[Start of section]
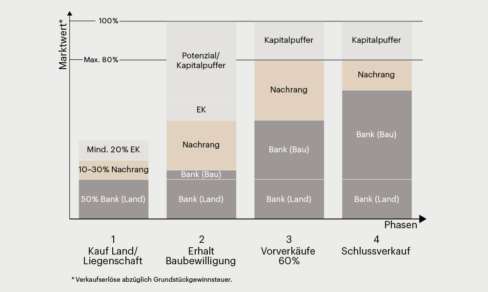 Der Bedarf an komplementären und alternativen Finanzierungsformen wächst seit Jahren, da die traditionellen Kapitalgeber bei der Vergabe von Krediten oft limitiert sind. Property One ermöglicht massgeschneiderte Finanzierungslösungen für Promotionsobjekte.
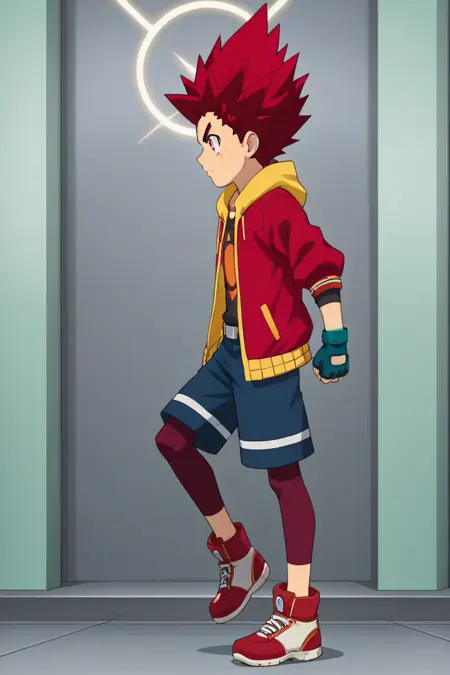 Outfit 1: male, red hair, spiked hair, red eyes, facial mark on left cheek, hoodie, black shirt, black print shirt, open clothes, single fingerless glove, one glove only, belt, blue shorts, compression leggings, shoes
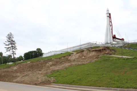 Продолжаются многочисленные разговоры по поводу оползня у музея истории космонавтики. Действительно, сегодня внешний вид может вызвать тревогу. Оголенные сваи смотрятся апокалиптично.
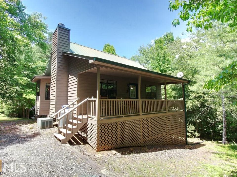 Lots of privacy at this 2 bedroom cabin near Lake Nottely. Just over one acre of level and gentle terrain. This well maintained cabin features vaulted ceilings, light wood interiors, two porches and an unfinished basement. It comes fully furnished with everything you need, just bring your toothbrush. This one won't last, so come see it today!
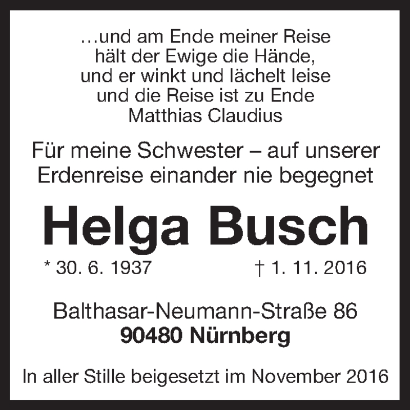 Hier finden Sie alle Traueranzeigen aus der Zeitung, die bisher für Helga Busch erschienen sind. Weitere Traueranzeigen, die in der Zeitung erscheinen, werden hier ebenfalls aufgelistet
[End of section]
What this task involves:
Reproduce word for word only the lines between the line containing "Lots of privacy" and the end of the listing above, both included, and drop any pictures.

Response:
 Lots of privacy at this 2 bedroom cabin near Lake Nottely. Just over one acre of level and gentle terrain. This well maintained cabin features vaulted ceilings, light wood interiors, two porches and an unfinished basement. It comes fully furnished with everything you need, just bring your toothbrush. This one won't last, so come see it today!
 Hier finden Sie alle Traueranzeigen aus der Zeitung, die bisher für Helga Busch erschienen sind. Weitere Traueranzeigen, die in der Zeitung erscheinen, werden hier ebenfalls aufgelistet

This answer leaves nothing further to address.